Peabody, which filed for bankruptcy in April, is asking for permission to pay out $3.24 million in bonuses to 42 people, reports the St. Louis Post-Dispatch. The paper also says that St. Louis-based Peabody already cut retiree health funds by $70 million before filing for bankruptcy. Peabody said that the purpose of the bonuses is to keep employees up-and-down the corporate ladder so that when the company re-emerges, it will be able to move forward.
As for Alpha, it asked for and it has received permission to pay out nearly $12 million to 15 executives. The Virginia-based company filed for bankruptcy in August 2015, a victim of what it has said is changing market conditions combined with a strict regulatory environment. It has been losing money since 2010 and last year, it lost hundreds of millions.
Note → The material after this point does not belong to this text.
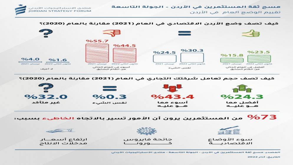 وبينت نتائج المسح أن نسبة المستثمرين الذين وسعوا أعمالهم في الأردن خلال العام الماضي لم تتجاوز 5%، في حين ارتفعت نسبة المستثمرين الذين قلصوا أعمالهم في الأردن من 41% في (نيسان/أبريل 2021) إلى 54% خلال (كانون الثاني/يناير 2022)، وهو ما يؤشر إلى حجم الجمود في الحركة التجارية خلال العام الماضي.

The executives, who are already paid well and who might not otherwise find work if they were laid off, must keep the company from bleeding cash — a decision with which the bankruptcy judge has agreed. To do so, they must sell assets and cut expenses, which has included ridding the company of a portion of the life and health benefits for 4,580 non-union miners and their families. The company also plans to remove 6,670 current miners from its retirement plan.
“The performance goals for the cost savings and ending book cash metrics relate to specific dollar amounts that must be achieved,” Alpha’s Assistant Secretary William Phillips said in a January 29th filing with the U.S. Securities and Exchange Commission. “The performance targets will be adjusted to reflect the effects of asset sales, financing-related transactions and certain other events to neutralize their impact.”
The problems ailing both Peabody and Alpha are the same ones now taking place coal sector: cheap natural gas, stricter air quality laws and thinning coal seams in Central Appalachia. In 2015, Arch Coal, Walter Energy and Patriot Coal also declared bankruptcy.